[Records excerpted from a collection]
^^^^^^^^^^^^^^^^

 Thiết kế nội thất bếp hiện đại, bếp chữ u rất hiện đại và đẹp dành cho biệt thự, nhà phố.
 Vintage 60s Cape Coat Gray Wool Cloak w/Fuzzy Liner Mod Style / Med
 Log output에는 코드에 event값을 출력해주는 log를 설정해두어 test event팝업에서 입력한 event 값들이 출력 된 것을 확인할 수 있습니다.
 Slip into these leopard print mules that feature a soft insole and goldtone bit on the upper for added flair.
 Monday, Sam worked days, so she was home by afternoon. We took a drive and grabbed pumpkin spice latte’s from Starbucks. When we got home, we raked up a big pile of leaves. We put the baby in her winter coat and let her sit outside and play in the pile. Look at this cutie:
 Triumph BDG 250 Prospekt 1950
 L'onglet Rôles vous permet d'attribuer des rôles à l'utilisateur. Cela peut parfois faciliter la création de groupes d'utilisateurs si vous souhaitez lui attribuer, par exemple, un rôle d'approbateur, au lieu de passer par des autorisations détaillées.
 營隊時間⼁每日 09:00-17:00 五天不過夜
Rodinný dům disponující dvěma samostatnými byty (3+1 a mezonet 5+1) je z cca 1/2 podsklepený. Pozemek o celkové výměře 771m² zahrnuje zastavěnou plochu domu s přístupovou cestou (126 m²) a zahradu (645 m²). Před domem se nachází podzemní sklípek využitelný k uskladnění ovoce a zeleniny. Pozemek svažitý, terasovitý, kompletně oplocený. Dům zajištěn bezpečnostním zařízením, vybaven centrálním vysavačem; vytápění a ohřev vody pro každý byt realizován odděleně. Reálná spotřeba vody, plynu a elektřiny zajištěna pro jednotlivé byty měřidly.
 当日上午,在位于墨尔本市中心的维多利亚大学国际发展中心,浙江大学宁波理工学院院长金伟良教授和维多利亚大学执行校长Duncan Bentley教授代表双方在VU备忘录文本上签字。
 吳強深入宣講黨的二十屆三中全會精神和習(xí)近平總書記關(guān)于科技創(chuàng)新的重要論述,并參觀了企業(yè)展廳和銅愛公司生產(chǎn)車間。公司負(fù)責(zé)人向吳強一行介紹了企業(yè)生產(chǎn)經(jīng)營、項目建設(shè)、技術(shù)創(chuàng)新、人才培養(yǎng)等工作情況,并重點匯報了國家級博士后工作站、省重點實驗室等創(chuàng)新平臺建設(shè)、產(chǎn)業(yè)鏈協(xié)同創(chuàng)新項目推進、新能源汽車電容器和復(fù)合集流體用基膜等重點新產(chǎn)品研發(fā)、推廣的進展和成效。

^^^^^^^^^^^^^^^^

Give every entry back unchanged. Leave none out.

 Thiết kế nội thất bếp hiện đại, bếp chữ u rất hiện đại và đẹp dành cho biệt thự, nhà phố.
 Vintage 60s Cape Coat Gray Wool Cloak w/Fuzzy Liner Mod Style / Med
 Log output에는 코드에 event값을 출력해주는 log를 설정해두어 test event팝업에서 입력한 event 값들이 출력 된 것을 확인할 수 있습니다.
 Slip into these leopard print mules that feature a soft insole and goldtone bit on the upper for added flair.
 Monday, Sam worked days, so she was home by afternoon. We took a drive and grabbed pumpkin spice latte’s from Starbucks. When we got home, we raked up a big pile of leaves. We put the baby in her winter coat and let her sit outside and play in the pile. Look at this cutie:
 Triumph BDG 250 Prospekt 1950
 L'onglet Rôles vous permet d'attribuer des rôles à l'utilisateur. Cela peut parfois faciliter la création de groupes d'utilisateurs si vous souhaitez lui attribuer, par exemple, un rôle d'approbateur, au lieu de passer par des autorisations détaillées.
 營隊時間⼁每日 09:00-17:00 五天不過夜
Rodinný dům disponující dvěma samostatnými byty (3+1 a mezonet 5+1) je z cca 1/2 podsklepený. Pozemek o celkové výměře 771m² zahrnuje zastavěnou plochu domu s přístupovou cestou (126 m²) a zahradu (645 m²). Před domem se nachází podzemní sklípek využitelný k uskladnění ovoce a zeleniny. Pozemek svažitý, terasovitý, kompletně oplocený. Dům zajištěn bezpečnostním zařízením, vybaven centrálním vysavačem; vytápění a ohřev vody pro každý byt realizován odděleně. Reálná spotřeba vody, plynu a elektřiny zajištěna pro jednotlivé byty měřidly.
 当日上午,在位于墨尔本市中心的维多利亚大学国际发展中心,浙江大学宁波理工学院院长金伟良教授和维多利亚大学执行校长Duncan Bentley教授代表双方在VU备忘录文本上签字。
 吳強深入宣講黨的二十屆三中全會精神和習(xí)近平總書記關(guān)于科技創(chuàng)新的重要論述,并參觀了企業(yè)展廳和銅愛公司生產(chǎn)車間。公司負(fù)責(zé)人向吳強一行介紹了企業(yè)生產(chǎn)經(jīng)營、項目建設(shè)、技術(shù)創(chuàng)新、人才培養(yǎng)等工作情況,并重點匯報了國家級博士后工作站、省重點實驗室等創(chuàng)新平臺建設(shè)、產(chǎn)業(yè)鏈協(xié)同創(chuàng)新項目推進、新能源汽車電容器和復(fù)合集流體用基膜等重點新產(chǎn)品研發(fā)、推廣的進展和成效。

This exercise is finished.